Перегной
Шрифт:
Все было хорошо. Нагорновские дети учились прилежно, куда как лучше подгорновских. Правда родители их шли на контакт неохотно, их пугал и разговор, и непривычная обстановка. Если собиралось их несколько человек, еще могли, через зубы, поговорить. Поодиночке же быстрее старались забрать детей и, через каждые три шага мелко крестясь, уйти. Они тянули за руку детей и те, виснув на оттянутой руке, семенили вслед, постоянно оглядываясь на школу и провожающую их учительницу. Было видно, что детворе нравилось в школе. И дети не понимали, почему им не дозволяют еще, хоть чуть-чуть побыть в этом новом, светлом и радостном мире, где каждый раз узнаешь что-то интересное и необычное. Зачем опять тянут их туда
Школа жила своей обыкновенной, школьной жизнью, и вообще всё вокруг шло своим чередом. Мы вдвоем конечно обсуждали школьную жизнь, но гораздо интереснее нам было говорить о себе, делиться эпизодами из прошлого, и посвящать друг друга в собственные тайны.
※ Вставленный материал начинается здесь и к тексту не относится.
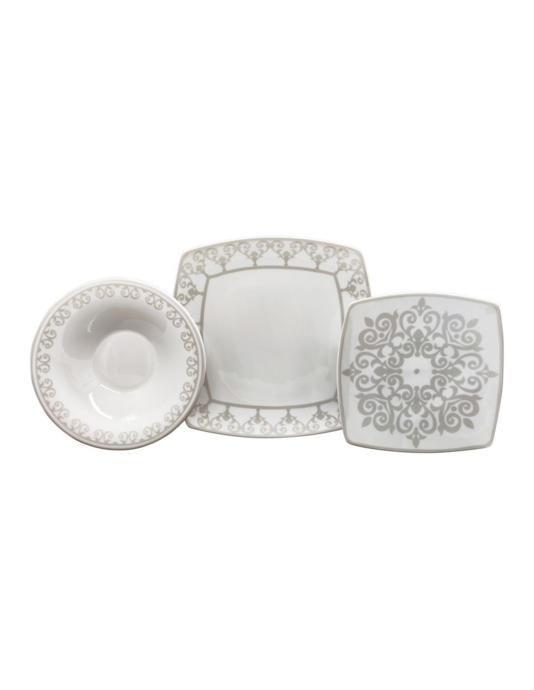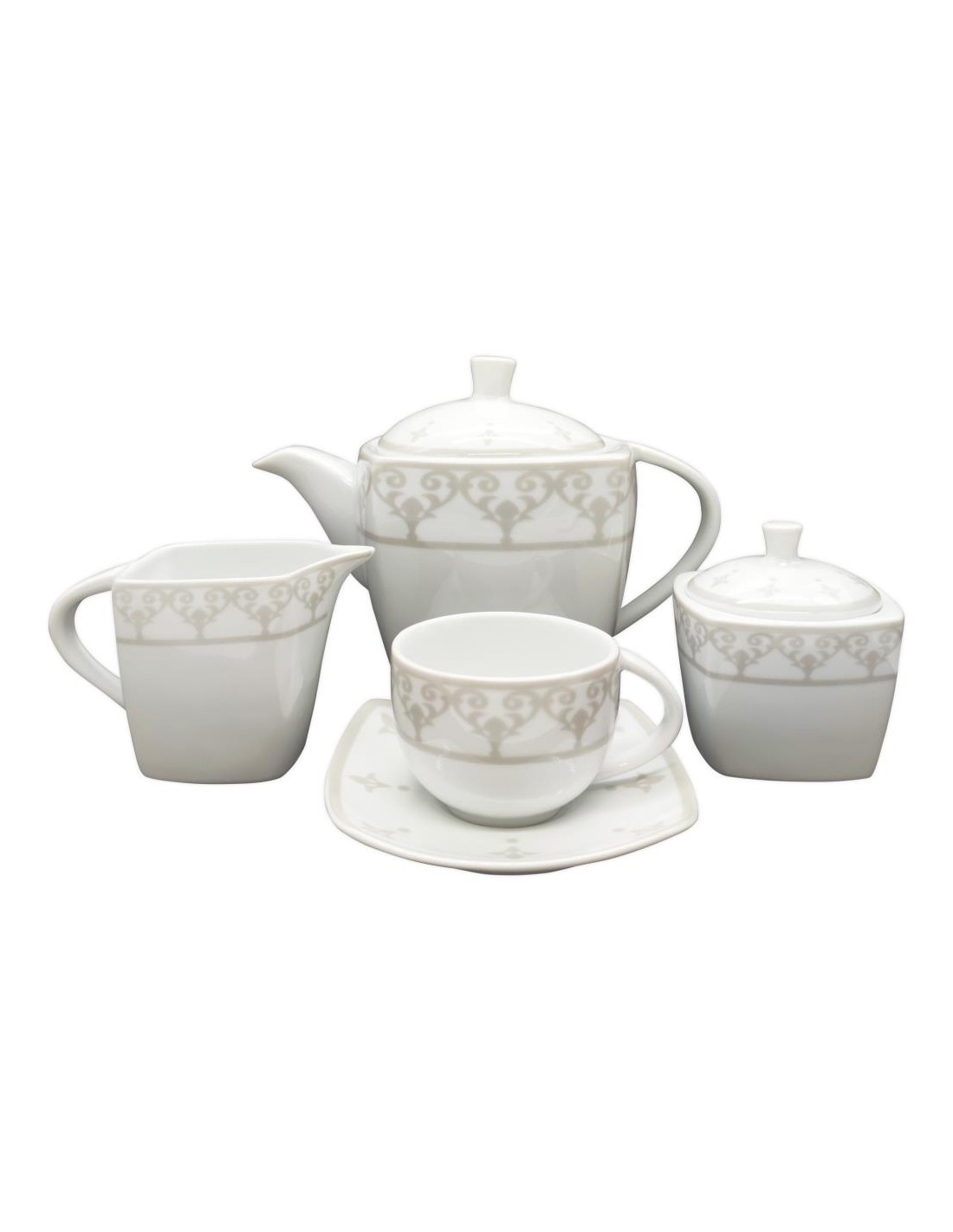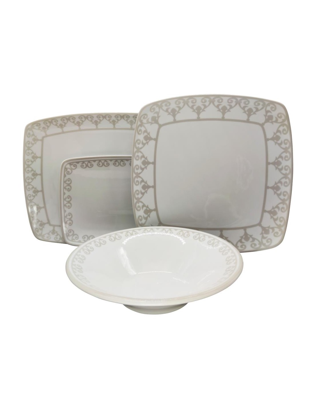 Servizio elegante quadrato in Fine Porcelain con un decoro classico
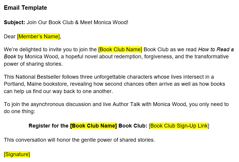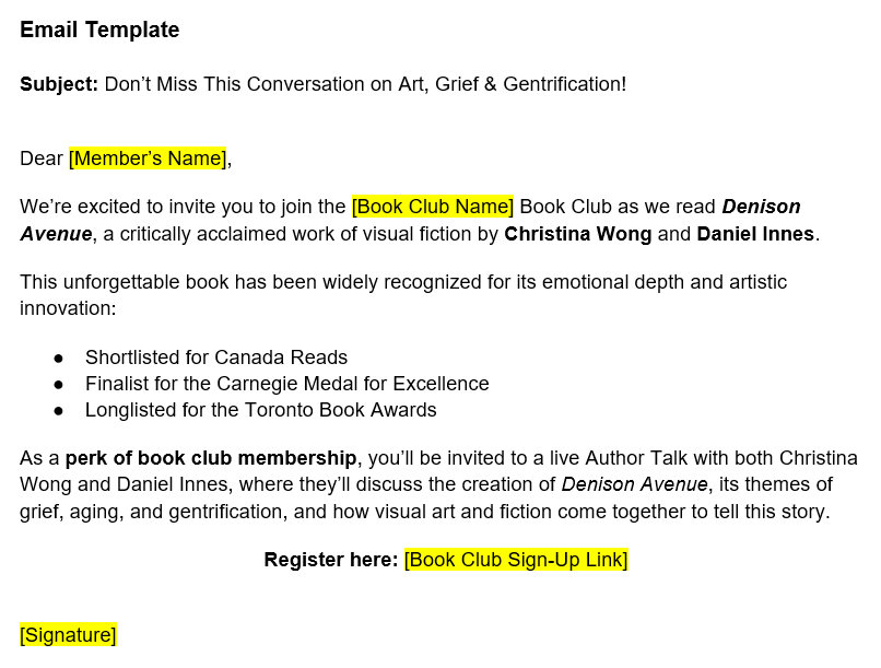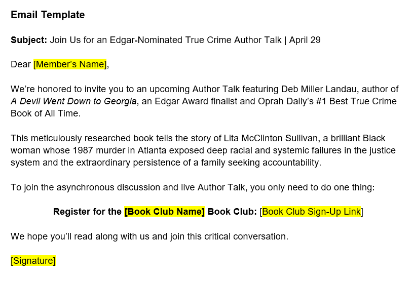 We will post downloadable materials before each reading period, allowing you to send out your own marketing and promote the upcoming author talks.

Да и не только говорить, чего уж там…
Мы, как и все влюбленные, отбросив наконец все условности, сломав те малейшие преграды, что мешали нам познавать друг друга, спешили узнать все. Торопились познать, а познав насладится знанием и плодами любви. Так шли наши совместные минуты, часы и дни. Где-то там, откуда мы давным-давно пришли, этому придумали название – медовый месяц, но здесь оно было каким-то условным, неподходящим к нашему бытию. Какой медовый месяц – если приходиться пребывать в трудах, добывать себе хлеб, жить не только друг другом, но и повседневными, неотложными заботами. И пусть заботы эти в любви не в тягость, пусть их бремя и несется в розоватом тумане, постоянно стоящем по над ресницами, пусть в голове, как после наспех выпитого шампанского, торжественно шумит морской прибой, но он не глушит до конца ни стук топора, ни скрип мела по школьной доске.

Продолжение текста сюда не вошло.